The builders allow to build the final model in any programming language (so long as there is a builder for that particular language). To do so, they use a series of classes that obtain the information from the Abstract Model and convert it into the desired code. Currently PySD only includes a builder to build the models in Python . Any contribution to add new builders (and solvers) for other programming languages is welcome.

## The Python model¶

For loading a translated model with Python see Getting started or Model loading. The Python builder constructs a Python class that represents the system dynamics model.
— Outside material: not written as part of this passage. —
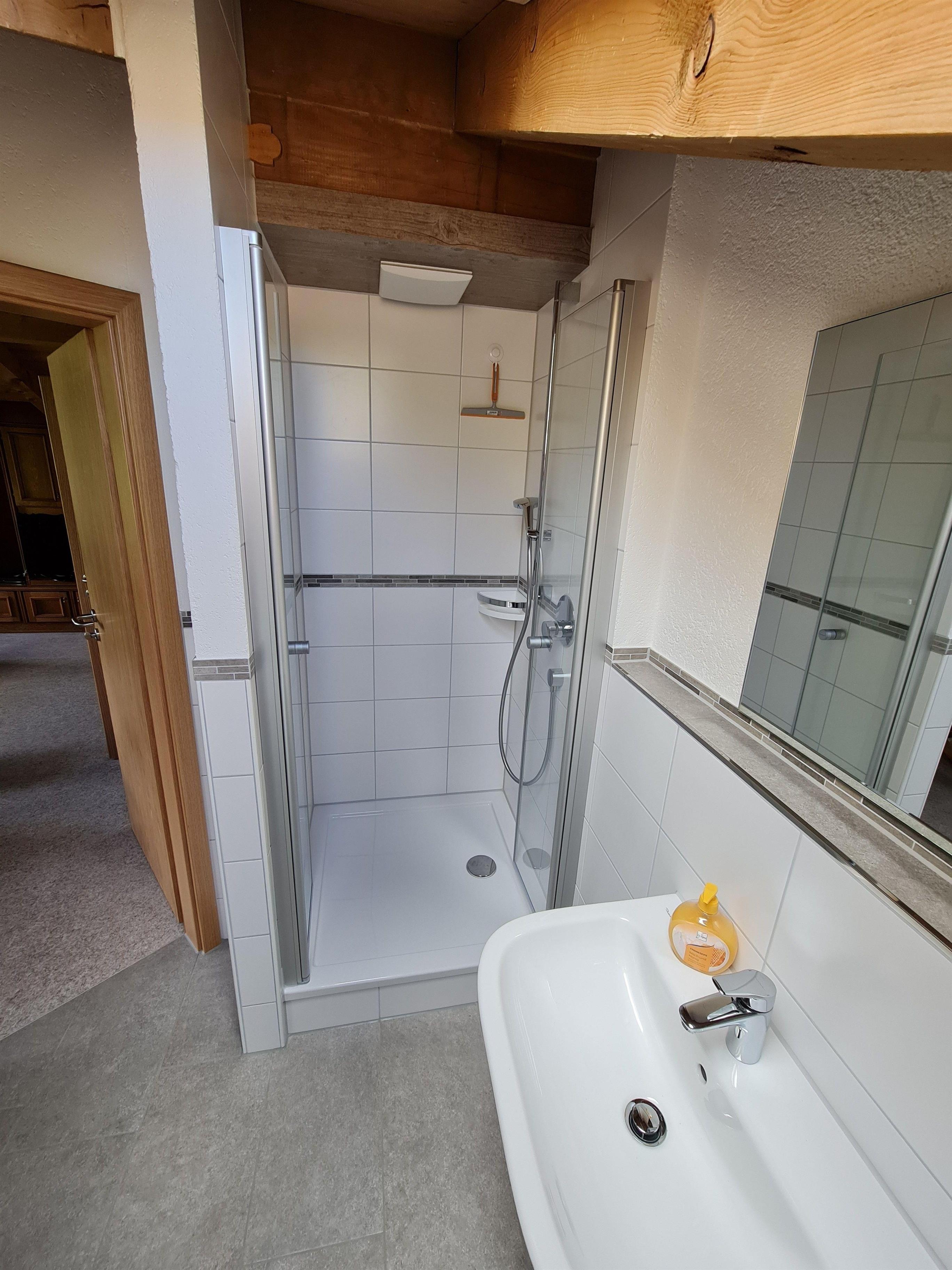 Ein Badezimmer mit Dachschräge ist mit einem Vollbad, Waschbecken und WC versehen. Das 2. Badezimmer ist mit Dusche, Waschbecken und WC.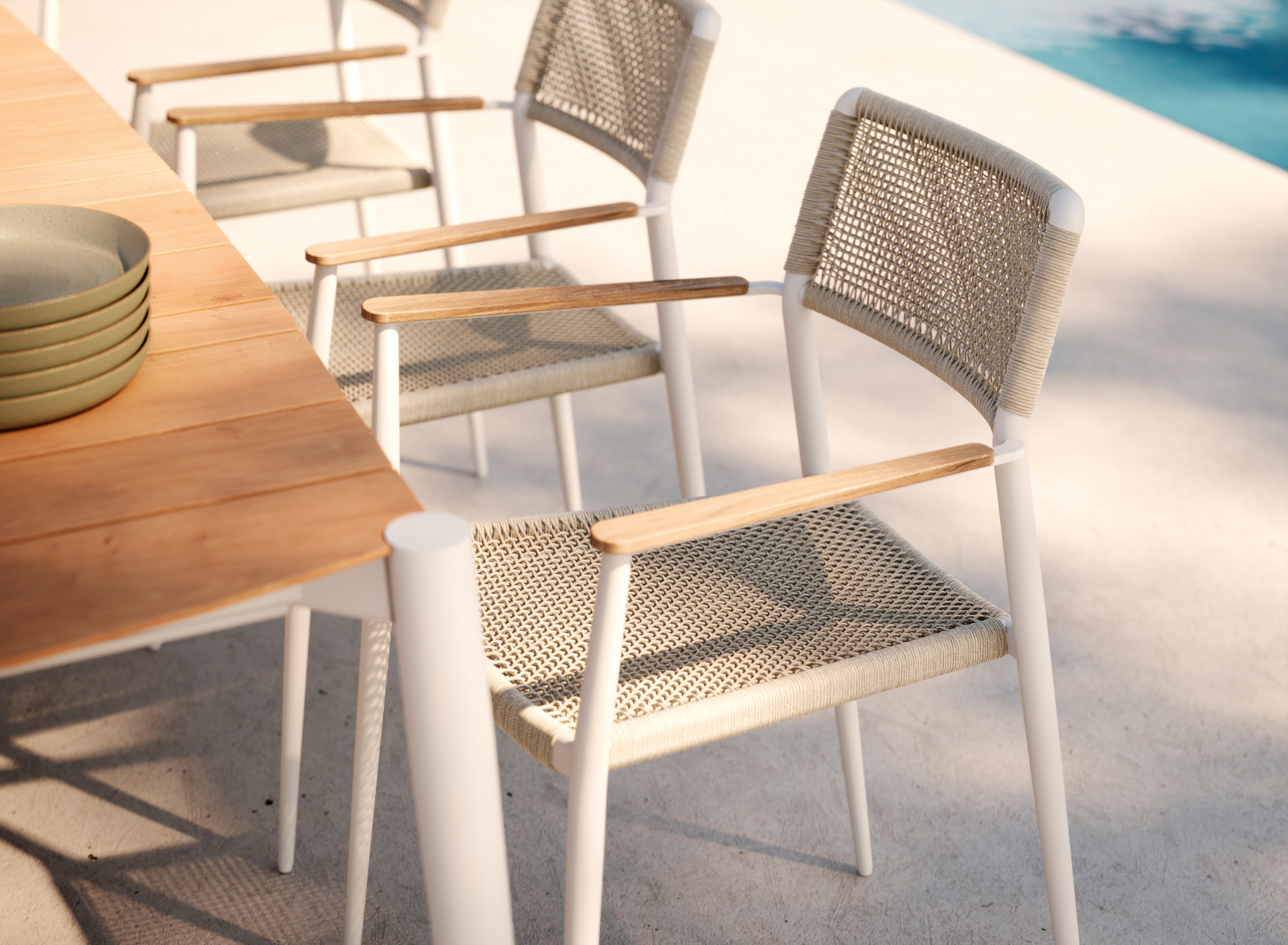 FPowdercoated Aluminium, Rope, Teak (armrests)

The class maintains a dictionary representing the current values of each of the system stocks, and the current simulation time, making it a stateful model in much the same way that the system itself has a specific state at any point in time.

The Model class also contains a function for each of the model components, representing the essential model equations. Each function contains its units, subcscripts type infromation and documentation as translated from the original model file. A query to any of the model functions will calculate and return its value according to the stored state of the system.

The Model class maintains only a single state of the system in memory, meaning that all functions must obey the Markov property - that the future state of the system can be calculated entirely based upon its current state. In addition to simplifying integration, this requirement enables analyses that interact with the model at a step-by-step level.

Lastly, the Model class provides a set of methods that are used to facilitate simulation. The `run()`

method returns to the user a Pandas dataframe representing the output of their simulation run. A variety of options allow the user to specify which components of the model they would like returned, and the timestamps at which they would like those measurements. Additional parameters make parameter changes to the model, modify its starting conditions, or specify how simulation results should be logged.